Required work – Reproduce the following data exactly, minus any images.

Supplied information –
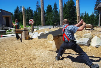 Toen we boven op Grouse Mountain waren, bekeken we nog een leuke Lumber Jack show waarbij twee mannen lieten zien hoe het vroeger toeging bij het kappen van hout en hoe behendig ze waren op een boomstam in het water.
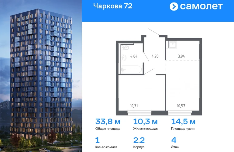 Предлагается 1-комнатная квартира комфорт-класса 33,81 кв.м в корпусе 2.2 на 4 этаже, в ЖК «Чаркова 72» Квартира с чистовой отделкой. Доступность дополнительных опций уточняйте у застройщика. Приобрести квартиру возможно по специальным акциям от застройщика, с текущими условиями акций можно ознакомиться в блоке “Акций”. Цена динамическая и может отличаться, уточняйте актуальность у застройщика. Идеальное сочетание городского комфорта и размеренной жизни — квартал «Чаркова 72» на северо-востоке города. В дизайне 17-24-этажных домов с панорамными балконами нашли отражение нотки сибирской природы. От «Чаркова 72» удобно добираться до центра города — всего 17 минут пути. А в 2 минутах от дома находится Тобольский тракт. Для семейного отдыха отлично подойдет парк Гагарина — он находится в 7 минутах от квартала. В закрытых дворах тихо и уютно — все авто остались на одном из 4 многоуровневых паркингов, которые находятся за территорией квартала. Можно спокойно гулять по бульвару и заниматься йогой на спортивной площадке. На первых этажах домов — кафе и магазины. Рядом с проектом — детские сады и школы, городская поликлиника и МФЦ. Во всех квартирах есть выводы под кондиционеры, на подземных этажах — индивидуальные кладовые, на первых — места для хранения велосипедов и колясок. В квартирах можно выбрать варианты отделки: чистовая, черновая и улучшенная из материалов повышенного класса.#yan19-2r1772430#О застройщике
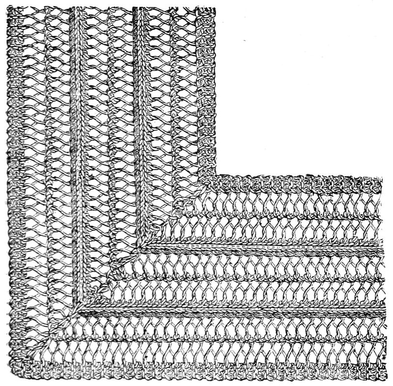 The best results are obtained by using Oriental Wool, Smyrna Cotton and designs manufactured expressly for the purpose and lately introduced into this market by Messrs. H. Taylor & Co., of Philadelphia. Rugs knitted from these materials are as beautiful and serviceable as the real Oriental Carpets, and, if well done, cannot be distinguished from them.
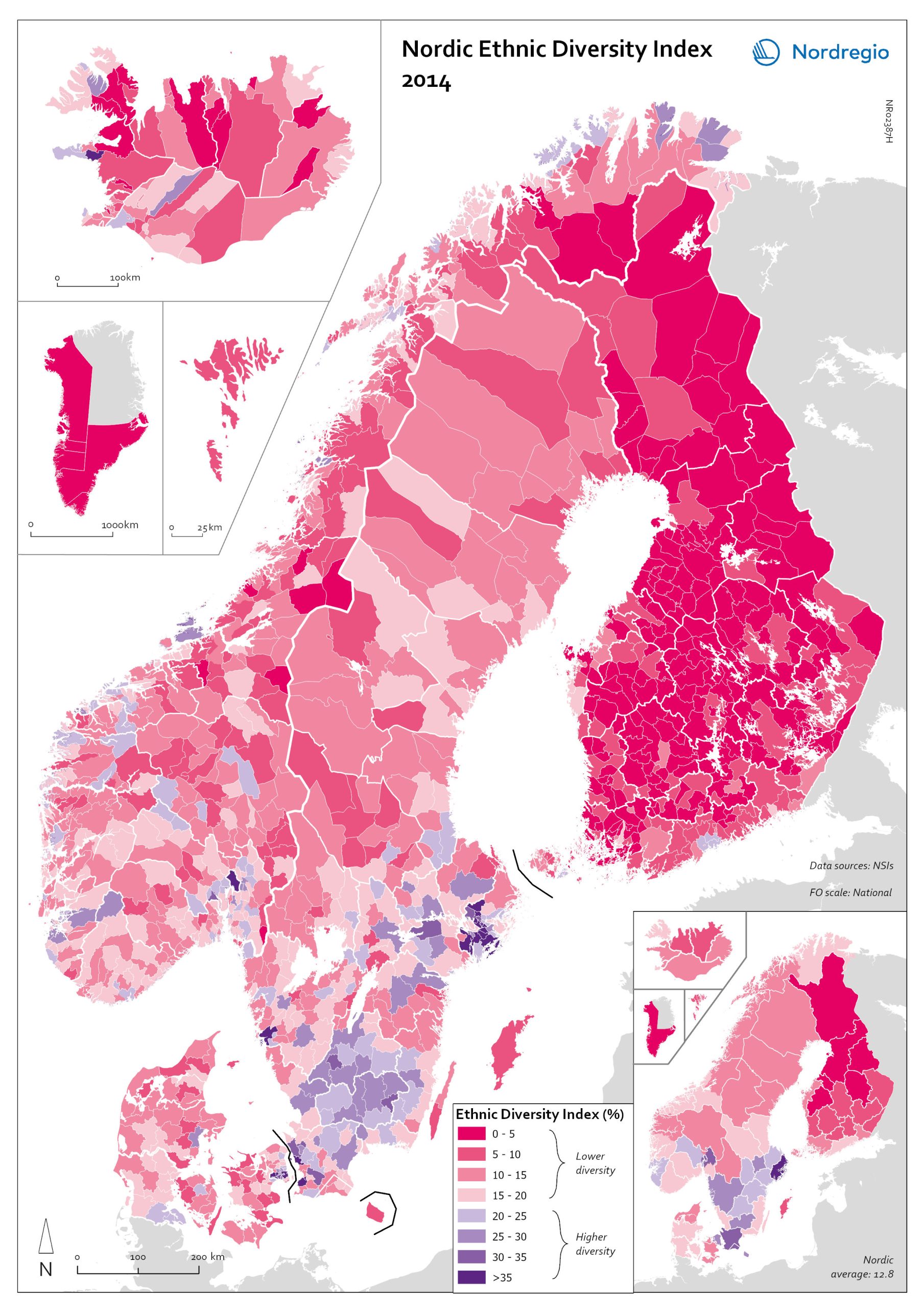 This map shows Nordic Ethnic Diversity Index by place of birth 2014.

Task response –
 Toen we boven op Grouse Mountain waren, bekeken we nog een leuke Lumber Jack show waarbij twee mannen lieten zien hoe het vroeger toeging bij het kappen van hout en hoe behendig ze waren op een boomstam in het water.
 Предлагается 1-комнатная квартира комфорт-класса 33,81 кв.м в корпусе 2.2 на 4 этаже, в ЖК «Чаркова 72» Квартира с чистовой отделкой. Доступность дополнительных опций уточняйте у застройщика. Приобрести квартиру возможно по специальным акциям от застройщика, с текущими условиями акций можно ознакомиться в блоке “Акций”. Цена динамическая и может отличаться, уточняйте актуальность у застройщика. Идеальное сочетание городского комфорта и размеренной жизни — квартал «Чаркова 72» на северо-востоке города. В дизайне 17-24-этажных домов с панорамными балконами нашли отражение нотки сибирской природы. От «Чаркова 72» удобно добираться до центра города — всего 17 минут пути. А в 2 минутах от дома находится Тобольский тракт. Для семейного отдыха отлично подойдет парк Гагарина — он находится в 7 минутах от квартала. В закрытых дворах тихо и уютно — все авто остались на одном из 4 многоуровневых паркингов, которые находятся за территорией квартала. Можно спокойно гулять по бульвару и заниматься йогой на спортивной площадке. На первых этажах домов — кафе и магазины. Рядом с проектом — детские сады и школы, городская поликлиника и МФЦ. Во всех квартирах есть выводы под кондиционеры, на подземных этажах — индивидуальные кладовые, на первых — места для хранения велосипедов и колясок. В квартирах можно выбрать варианты отделки: чистовая, черновая и улучшенная из материалов повышенного класса.#yan19-2r1772430#О застройщике
 The best results are obtained by using Oriental Wool, Smyrna Cotton and designs manufactured expressly for the purpose and lately introduced into this market by Messrs. H. Taylor & Co., of Philadelphia. Rugs knitted from these materials are as beautiful and serviceable as the real Oriental Carpets, and, if well done, cannot be distinguished from them.
 This map shows Nordic Ethnic Diversity Index by place of birth 2014.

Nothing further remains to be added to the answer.